# Canon Sync Speed



## lennon33x (Nov 8, 2013)

So, I am looking to purchase a new camera here around Christmas, and I thought I was set on the EOS 1D. I like its large pixel size, sync speed and high shutter speed. I do a lot of flash photography, so I had the following question.

Is the high sync speed limited to using only Canon speedlites? Or can you use ETTL flashes like Yongnuo, etc. to fire the flashes at a high shutter speed? 

I use a Pixel Opas transceiver for my off camera flash and strobes, which can be synced to as high as 1/300 (I'm sure higher, depending on the camera). I have a Rebel T3 now, which only indicates use for 1/200, but I can get up to 1/250 without a problem most of the time. 

So my general question is does the sync speed on the camera limit the brand of flash that you can use? How does this pertain to strobes?


----------



## Luigi_xp (Nov 12, 2013)

The problem of Yonguno flashes is the poor documentation, i'm not sure if them will work at these fast sync speeds, but theorically there's no why they shouldn't work.
Getting an EOS 1D? man, i envy you. (in fact it's a little too overkill for me and heavy, but hearing the burst of an 1D... oh my...) Have you considered an 5DMkIII or maybe another camera, since upgrading from a T3 direct to a 1DX is a VERY big upgrade... anyway if you have lenses to use with an 1D why not?


----------



## TCampbell (Nov 12, 2013)

reavesce said:


> So, I am looking to purchase a new camera here around Christmas, and I thought I was set on the EOS 1D. I like its large pixel size, sync speed and high shutter speed. I do a lot of flash photography, so I had the following question.
> 
> Is the high sync speed limited to using only Canon speedlites? Or can you use ETTL flashes like Yongnuo, etc. to fire the flashes at a high shutter speed?
> 
> ...



The sync speed is based on the physical traversal time of the camera shutter curtains.

DSLR cameras have focal plane 'curtain' shutters - and there are two 'curtains' on the shutter.  To take an exposure, the first curtain begins to slide open and, at some point, the second curtain will follow to close.  The reason for this is because the if the camera just had a single curtain then one side of the image would get more exposure than the other AND it allows for very fast exposures.  

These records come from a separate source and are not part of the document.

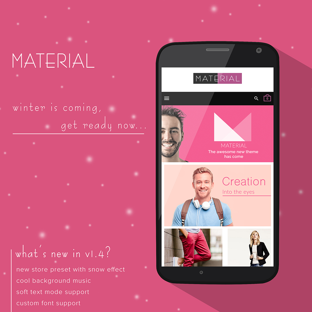We are proud to launch our next Shopify Theme – Material! Material has a new layout with gorgeous look. Every bite of it is beautiful & graceful. It synthesizes the classic principles of good design with the innovation and possibility of technology. This is material design.
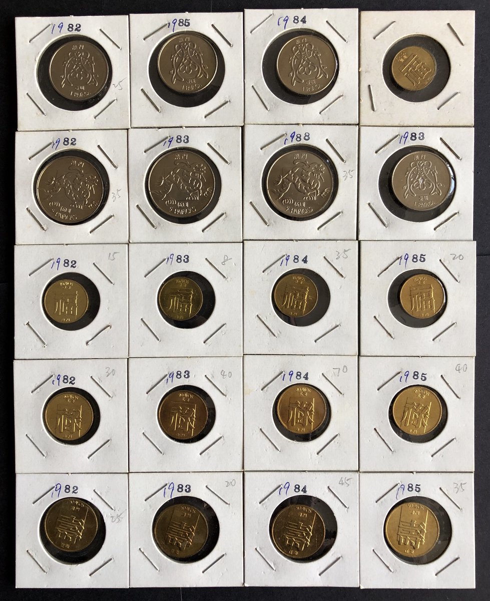 1980年代澳門錢幣20枚一組,包括黃銅幣1毫‘福’5枚,2毫‘祿’4枚,5毫‘壽’4枚,以及銅鎳幣1元4枚及5元3枚,共20枚,大致UNC品相。
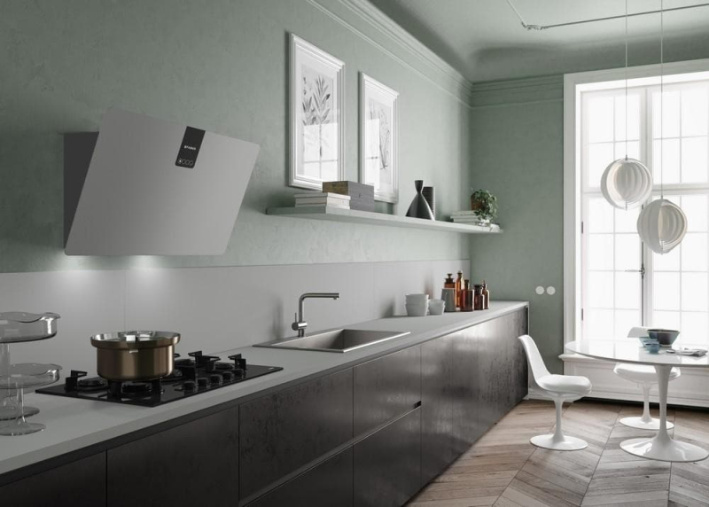 Komínová digestoř Faber SOFT EDGE GRIGIO LONDRA A80 (80 cm) v šedém FENIX NTM: matný soft‑touch povrch odolný proti otiskům, snadno se čistí a drobné škrábance lze zacelit teplem. A+, štěrbinové/dvojité sání, 3 rychlosti + intenzivní, doběh 30 min, 2× LED. Příprava pro externí motor i rekuperaci.
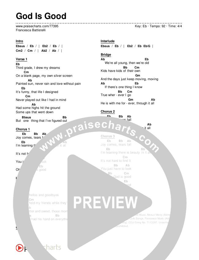 Download the PDF Chord Charts for God Is Good by Francesca Battistelli, from the album God Is Good.
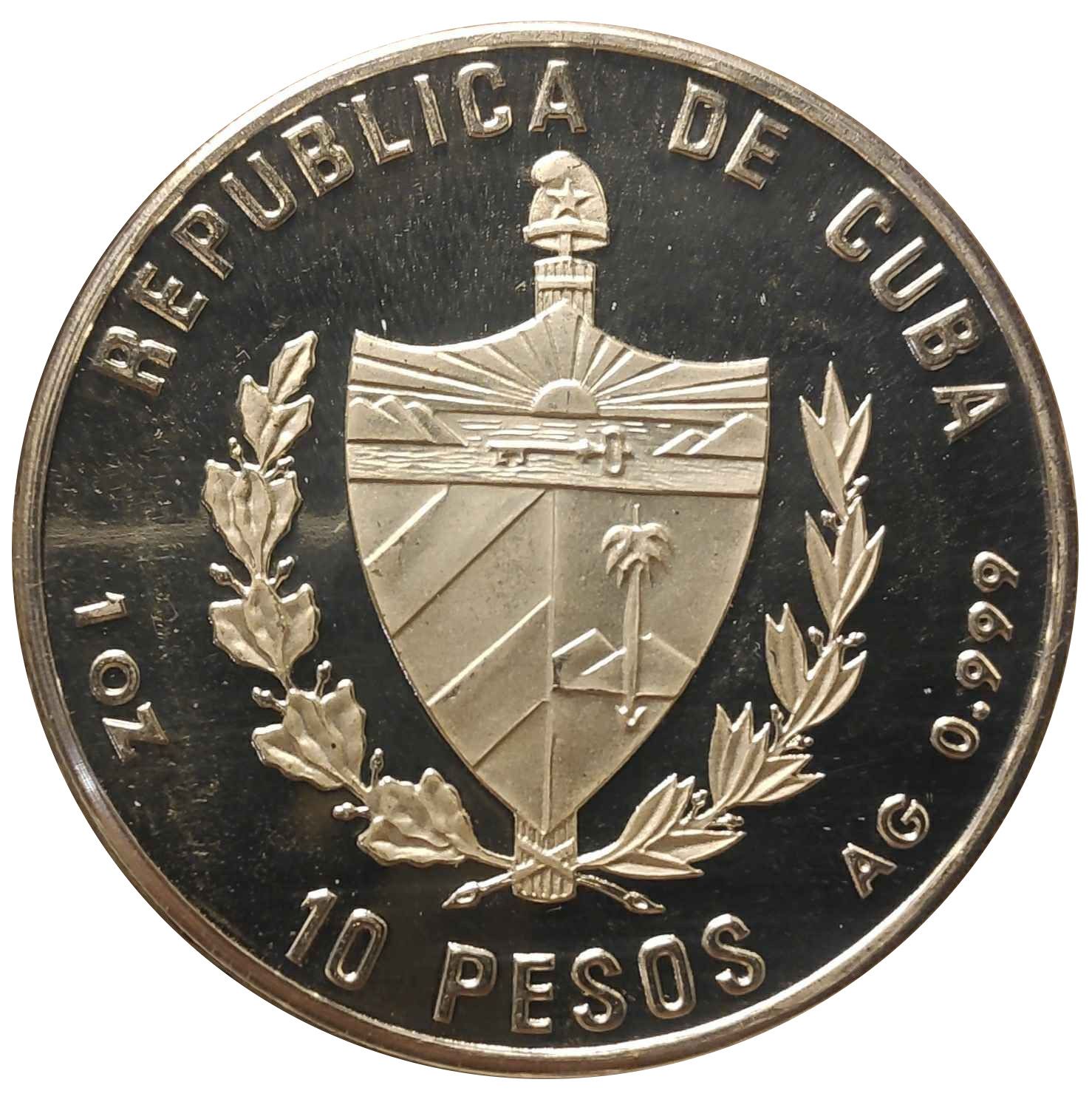 Опис: Кубинський герб, назва країни зверху, номінал знизу, вага та проба з боків.
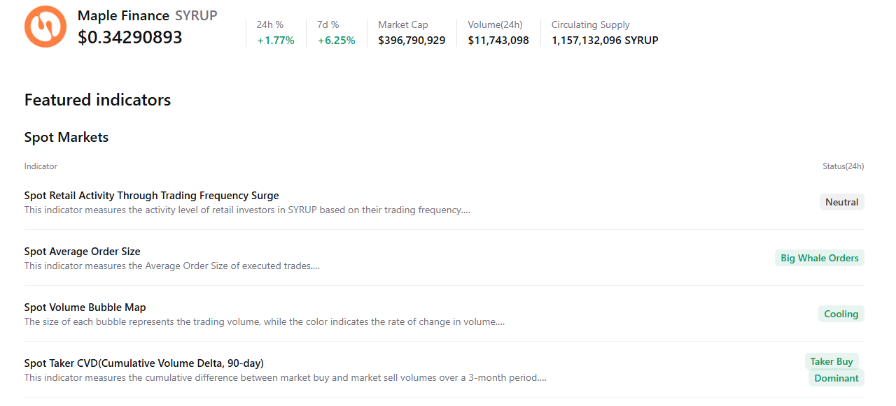 Data ringkasan CryptoQuant mendukung prospek bullish, karena pasar spot SYRUP menunjukkan order besar dari whale, kondisi mendingin, dan dominasi beli. Semua faktor ini mengindikasikan bahwa Maple Finance mungkin sedang memposisikan diri untuk menunjukkan penembusan dalam beberapa hari mendatang.
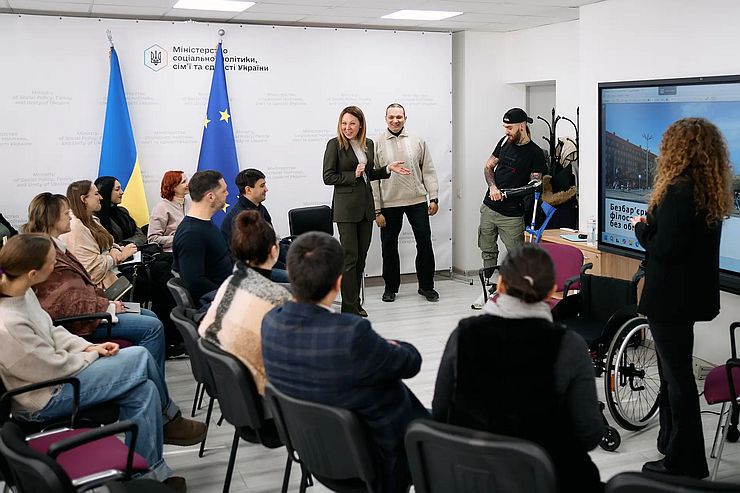 Працівники Міністерства, а також Пенсійного фонду, Національної соціальної сервісної служби, Державної служби у справах дітей та Фонду соціального захисту осіб з інвалідністю ознайомилися з базовими поняттями безбар’єрності, визначенням цільових аудиторій, нормативно-правовим регулюванням, видами бар’єрів та практичними шляхами їх подолання.
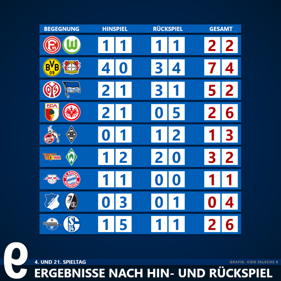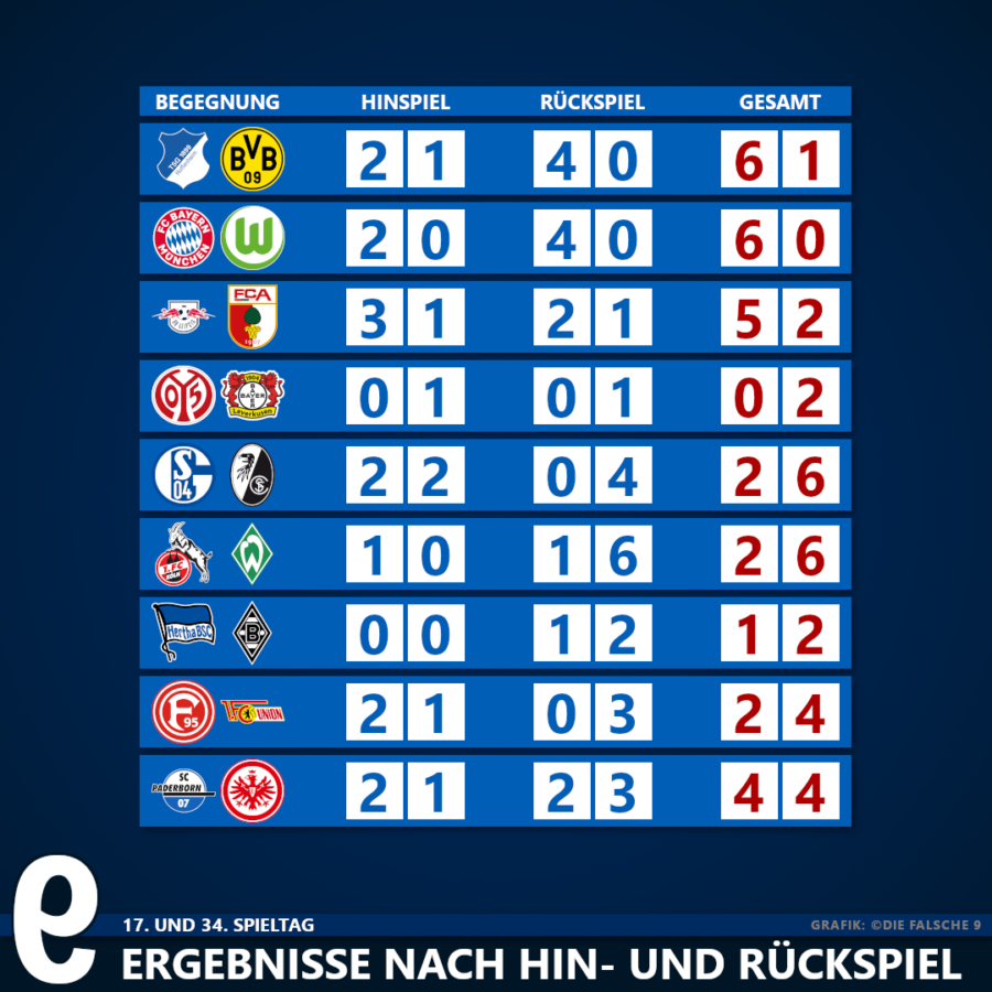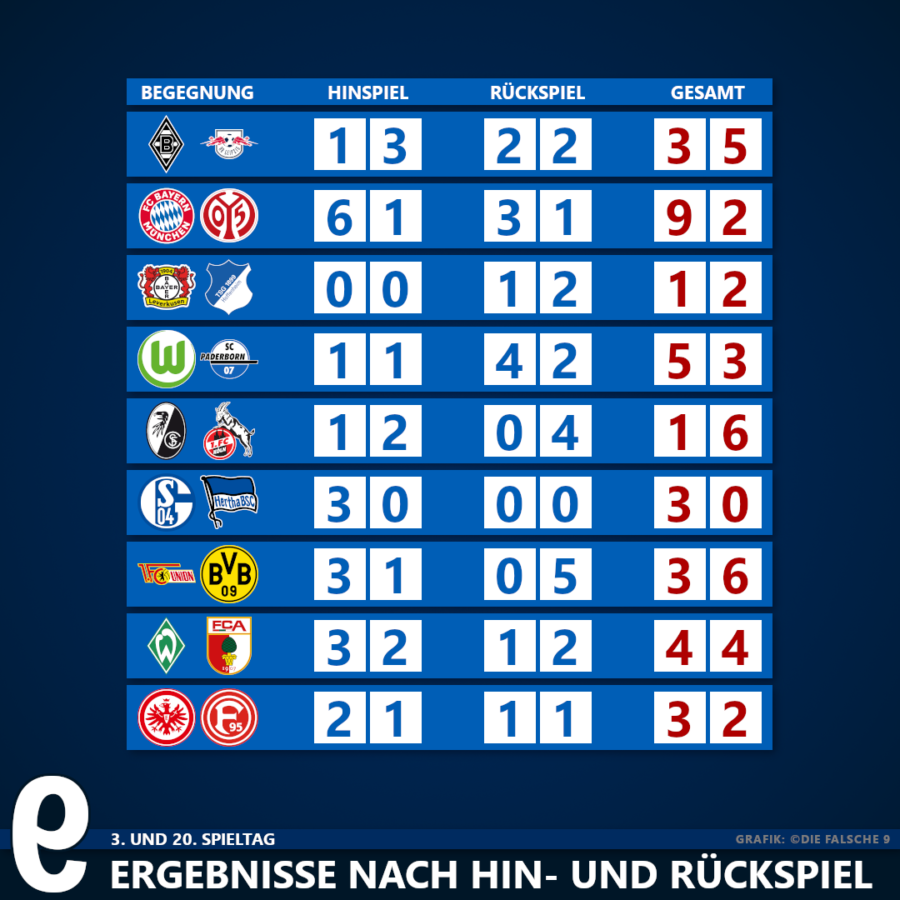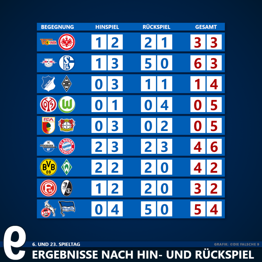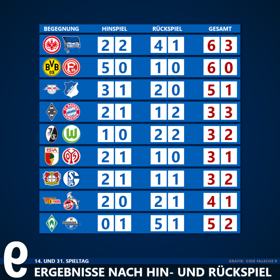 Ergebnisse nach Hin- und Rückspiel – 1. Bundesliga

It's easy to imagine in a thought experiment:  Suppose the shutter is so slow that it actually takes a full 1 second for the shutter to completely slide "open" and another second for the shutter to completely slide "shut" again.  If you start the clock the moment the shutter begins to open, the pixels closest to the edge where the shutter curtain opens are immediately exposed to light... but the pixels on the opposite edge won't get any light at all for a full 1 second (the time it takes the curtain to finish sliding open.)  Once the shutter is completely open, the shutter could then start to close again -- but if you only had a single shutter curtain then it has to reverse... immediately covering the pixels that were only just exposed to light a fraction of a second ago -- and it will be another second before it completes the closure process.  This means the pixels nearest to the opening edge will actually get a full TWO SECONDS of exposure and the pixels at the opposite edge will only get a fraction of a second.  You'd have a very wonky image.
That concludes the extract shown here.